REQUIRED ACTION:
Set down exactly the lines from the first line of the records through the line that contains "Das Badezimmer kann", and leave every picture out.

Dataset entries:
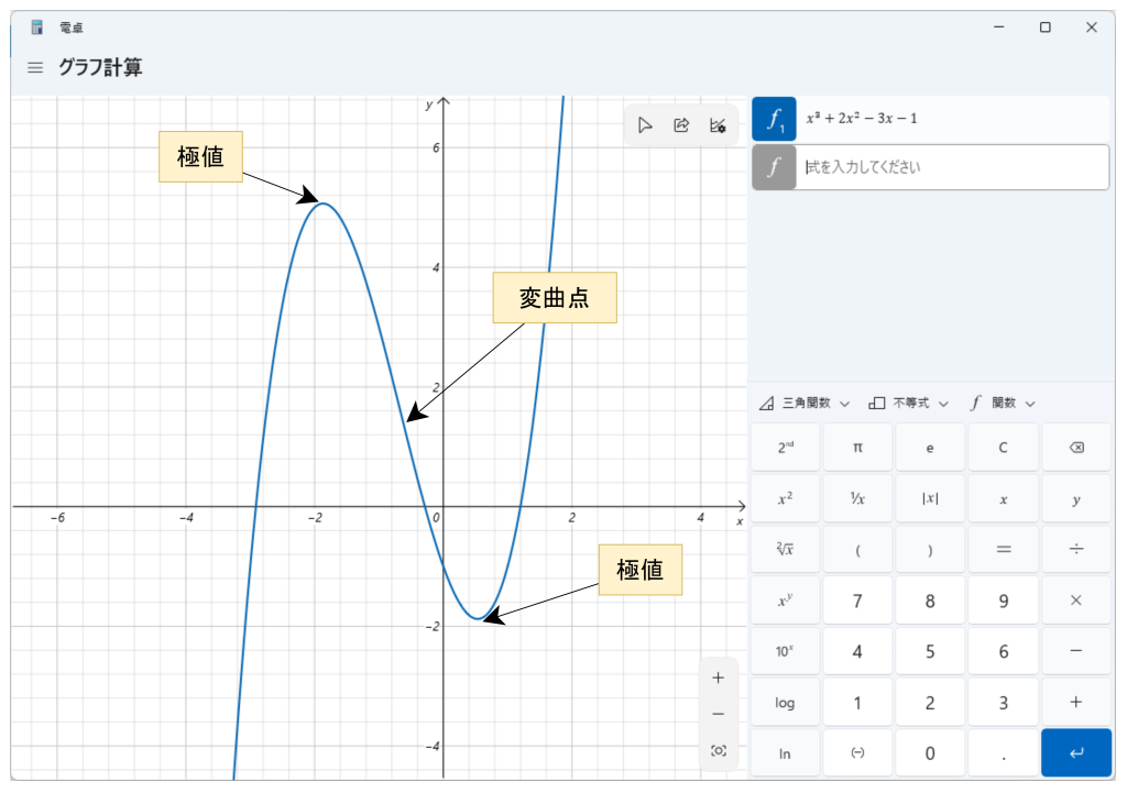 3次関数をグラフで表現するとS字曲線になります。その際、山と谷のそれぞれを極値といい、凸型から凹型に切り替わる点を変曲点と言います。
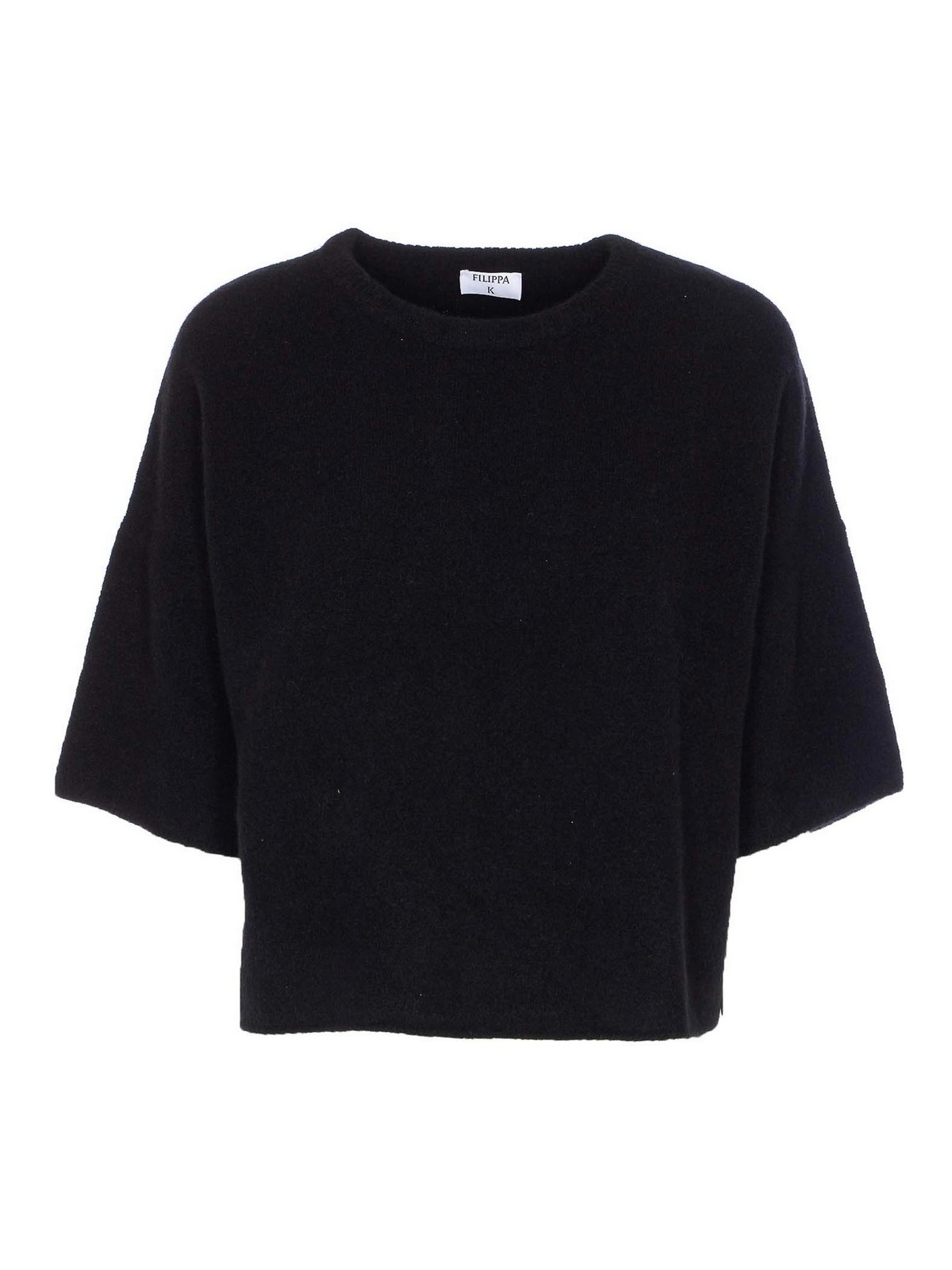 Pull noir Filippa K à col rond et manches courtes Nom de la couleur du créateur: noir
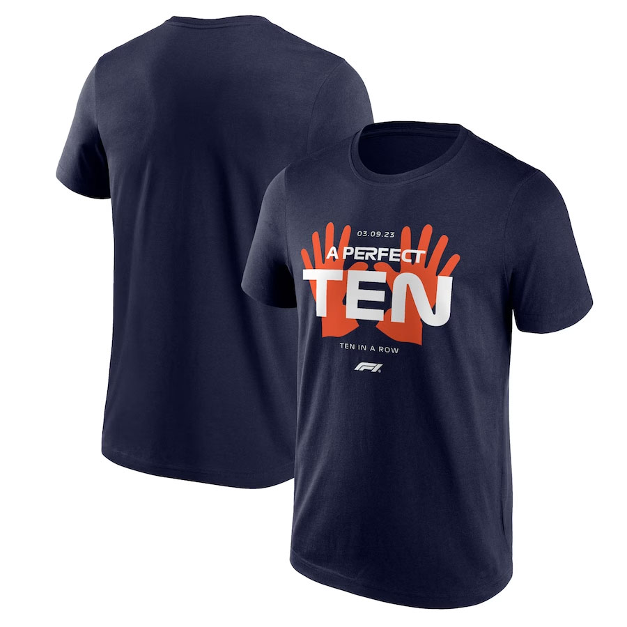 În magazinul online Formula 1 a apărut un tricou care ne lasă să marcăm această realizare. Două mâini – zece degete pentru 10 victorii consecutive (Miami 2023 – Monza 2023), cu una mai mult decât ceea ce reușise Vettel: 9 victorii în 2013.
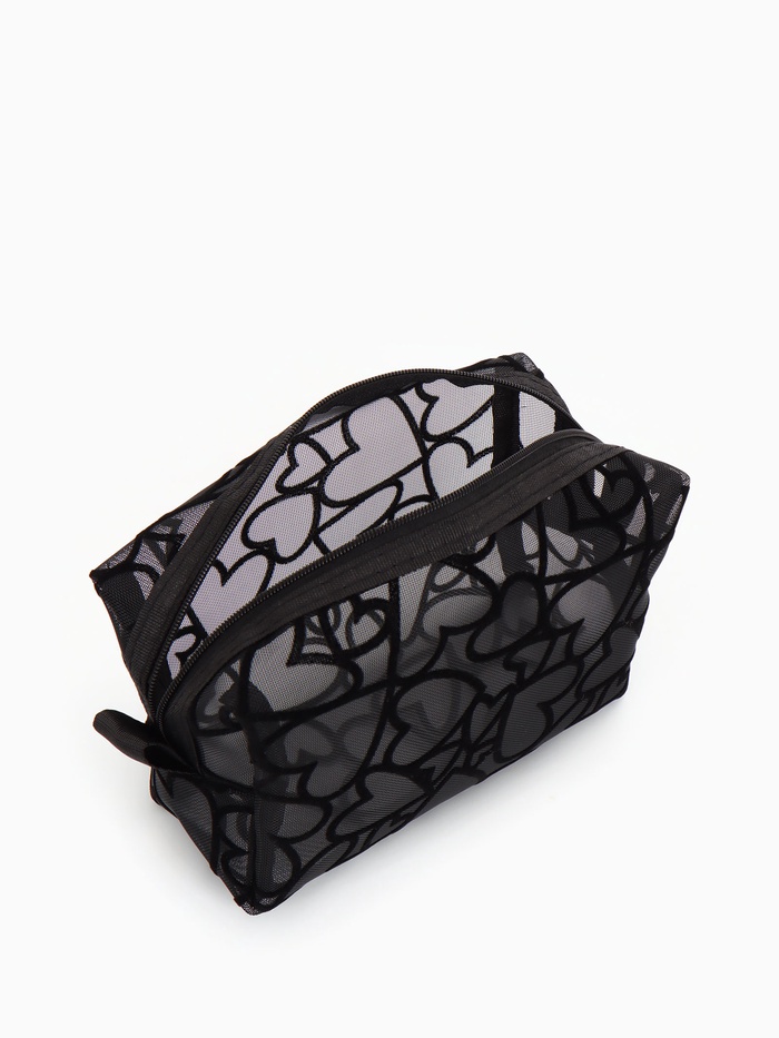 Косметичка женская HEARTS, с рисунком, сетка, на молнии, чёрная
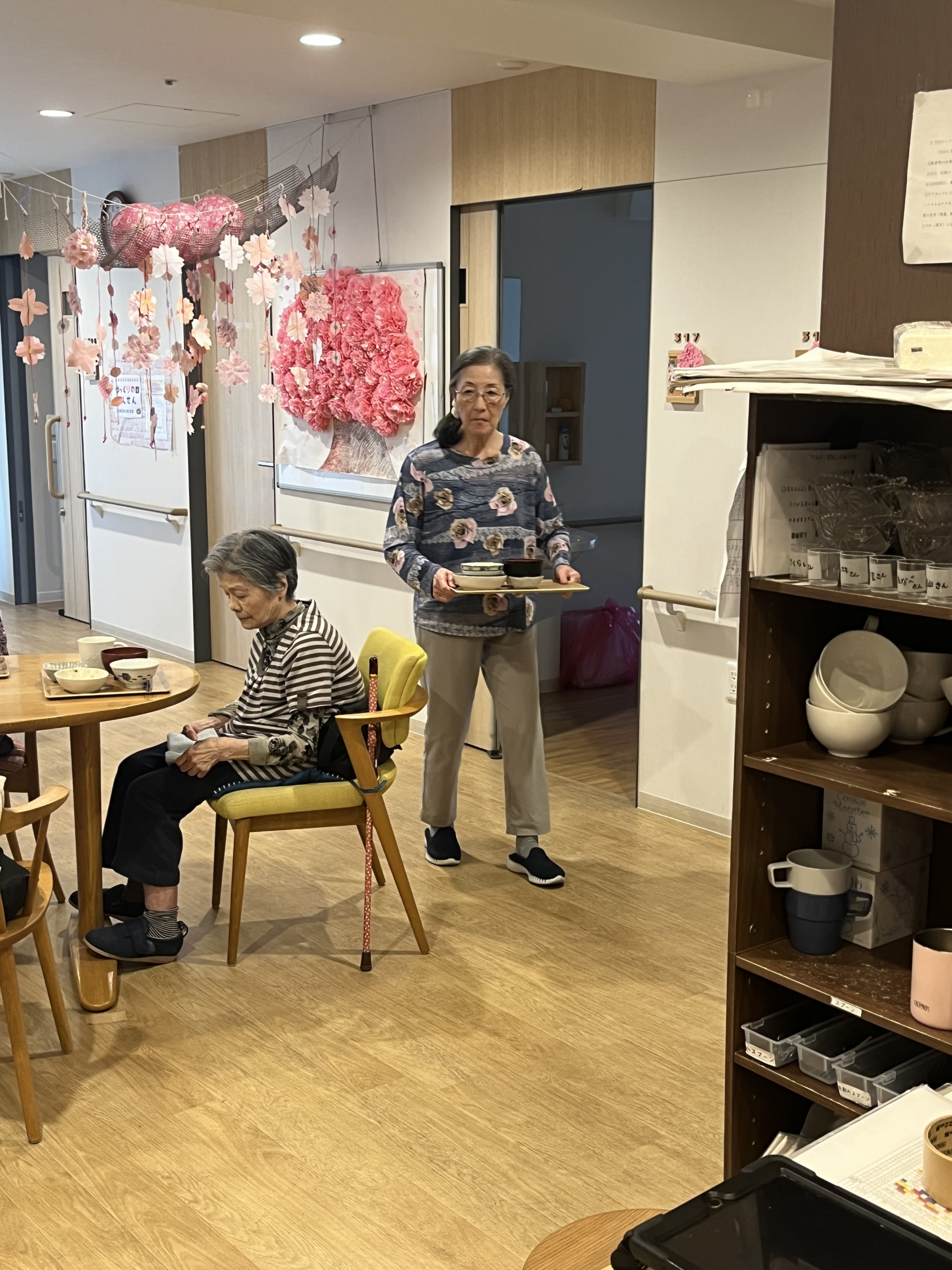 食事の後は自分の食器や他の方の食器をキッチンまで運んでくれてます。。
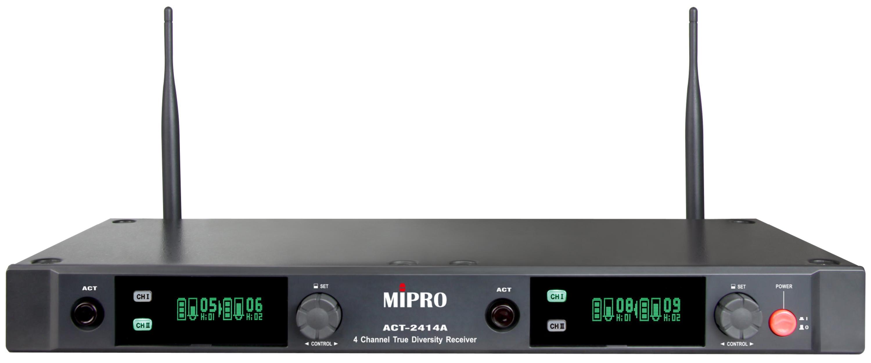 The Mipro ACT-2414A quad channel digital wireless microphone receiver is one of our favourite products. It operates in the licence free 2.4GHz band with true diversity reception and offers a range of up to 100m.
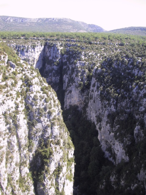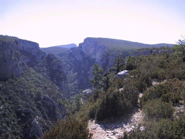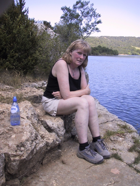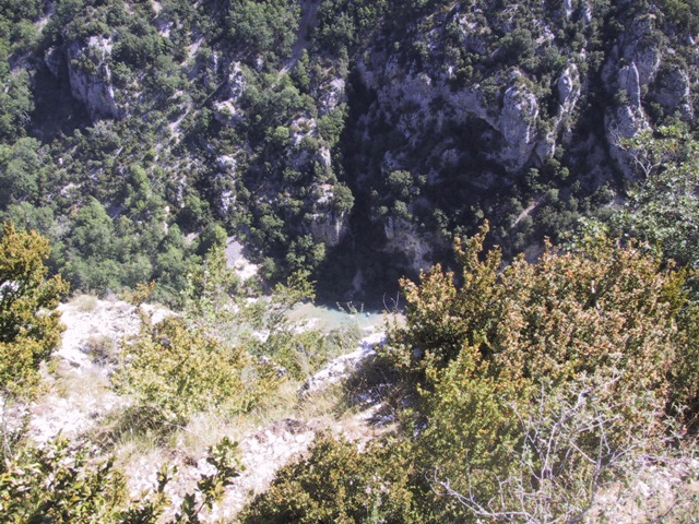 We bezoeken er dorpjes en maken 2 mooie uitgezette wandelingen langs de Verdon van ongeveer 6 km langs smalle rotspaadjes, dat doen we voor 12:00 uur vanwege de hitte die flink oploopt gedurende de dag. Langere wandelingen durven we niet aan omdat Roy z’n wandelschoenen sneuvelen bij de eerste stappen, dan maar op schoenen waar hij het beste op loopt, de ‘zondagse’.
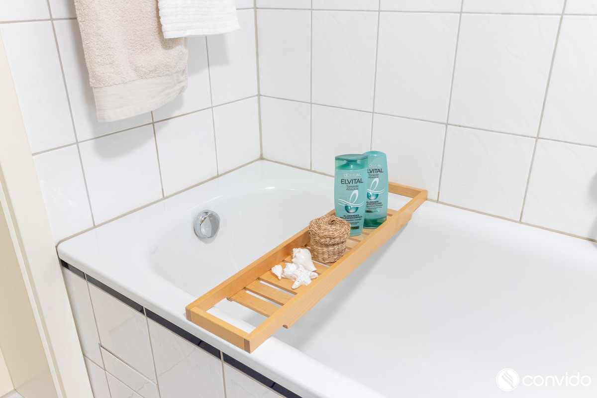Das Badezimmer kann sowohl über den Flur, als auch über das Schlafzimmer betreten werden. Es verfügt über eine Dusche mit Glaskabine, eine Badewanne, ein WC sowie einen Waschtisch. Der Anschluss für Waschmaschine und Trockner ist in einem kleinen, separierten Abstellraum zu finden.
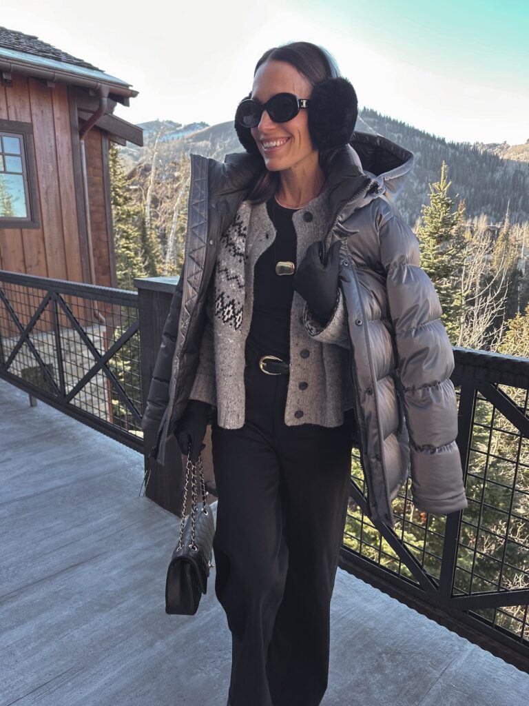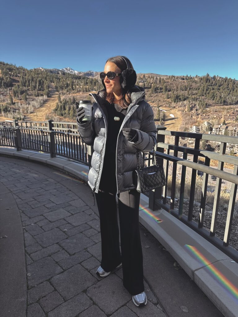 I purchased this liquid shine puffer coat for our Park City trip last year and brought it this trip as well (it’s 10% off) and it keeps me so warm (even in the snow last year, when it was 25 degree temps). I was able to layer a base and sweater underneath.
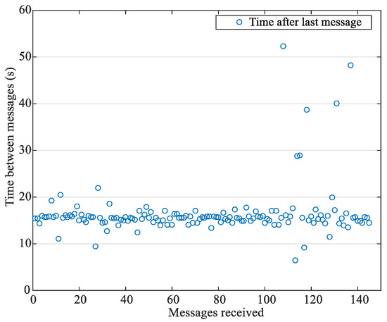 The microcontroller generates an index number and a timer and sent these two values to the ThingSpeak platform in loop. Exporting the acquired online data and processing it using MATLAB, the time difference between the received messages is shown in Figure 17.
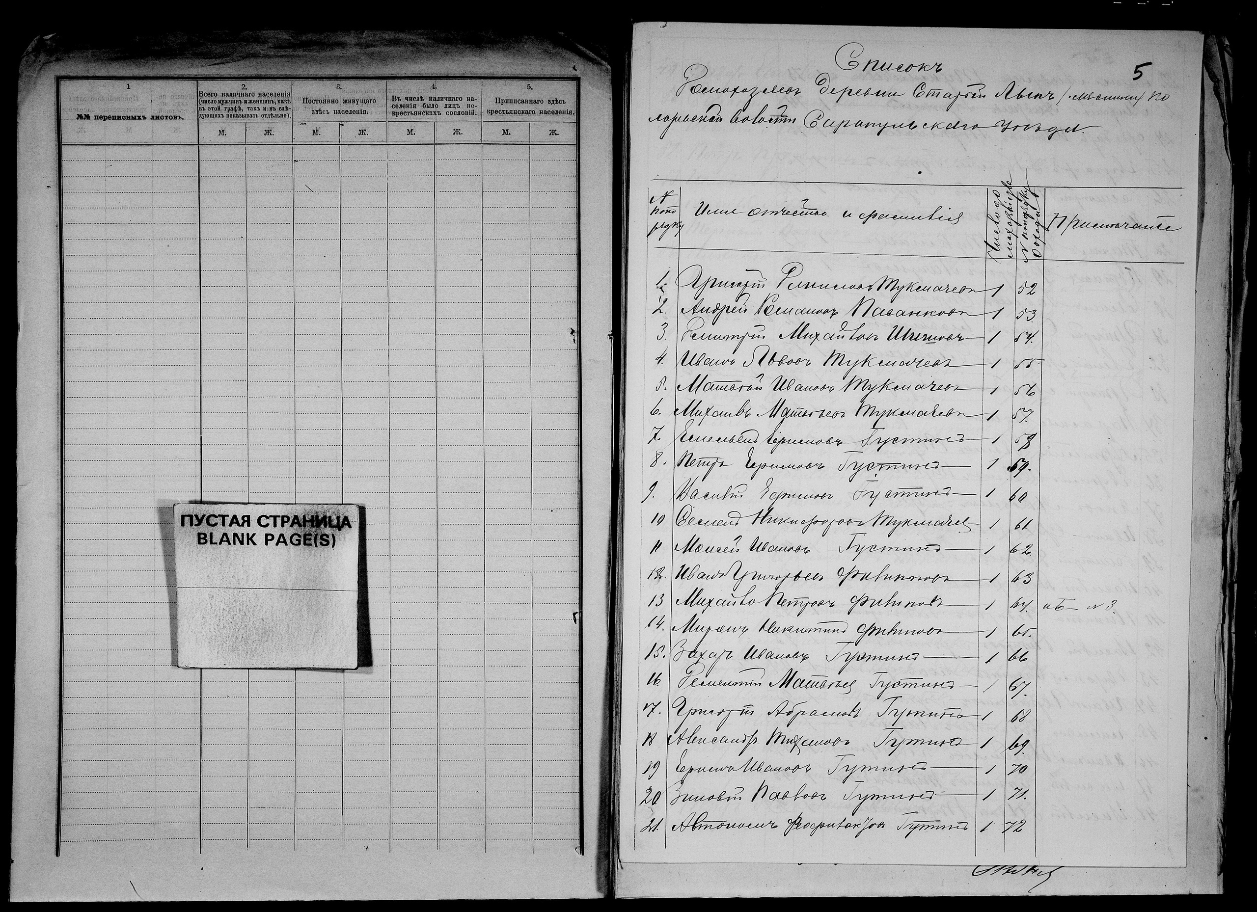 Собою перешедшей ис показанной деревни Смородовской тояж волости вновь росчисной починок Русаковской и там в наличности показаны будут Парфен Осипов сын Питиримов 18/-/-, брат ево Тимофей 16/-/-, у Парфена сын Филип 2/умре в 749м году.

WRITTEN SOLUTION:
 3次関数をグラフで表現するとS字曲線になります。その際、山と谷のそれぞれを極値といい、凸型から凹型に切り替わる点を変曲点と言います。
 Pull noir Filippa K à col rond et manches courtes Nom de la couleur du créateur: noir
 În magazinul online Formula 1 a apărut un tricou care ne lasă să marcăm această realizare. Două mâini – zece degete pentru 10 victorii consecutive (Miami 2023 – Monza 2023), cu una mai mult decât ceea ce reușise Vettel: 9 victorii în 2013.
 Косметичка женская HEARTS, с рисунком, сетка, на молнии, чёрная
 食事の後は自分の食器や他の方の食器をキッチンまで運んでくれてます。。
 The Mipro ACT-2414A quad channel digital wireless microphone receiver is one of our favourite products. It operates in the licence free 2.4GHz band with true diversity reception and offers a range of up to 100m.
 We bezoeken er dorpjes en maken 2 mooie uitgezette wandelingen langs de Verdon van ongeveer 6 km langs smalle rotspaadjes, dat doen we voor 12:00 uur vanwege de hitte die flink oploopt gedurende de dag. Langere wandelingen durven we niet aan omdat Roy z’n wandelschoenen sneuvelen bij de eerste stappen, dan maar op schoenen waar hij het beste op loopt, de ‘zondagse’.
Das Badezimmer kann sowohl über den Flur, als auch über das Schlafzimmer betreten werden. Es verfügt über eine Dusche mit Glaskabine, eine Badewanne, ein WC sowie einen Waschtisch. Der Anschluss für Waschmaschine und Trockner ist in einem kleinen, separierten Abstellraum zu finden.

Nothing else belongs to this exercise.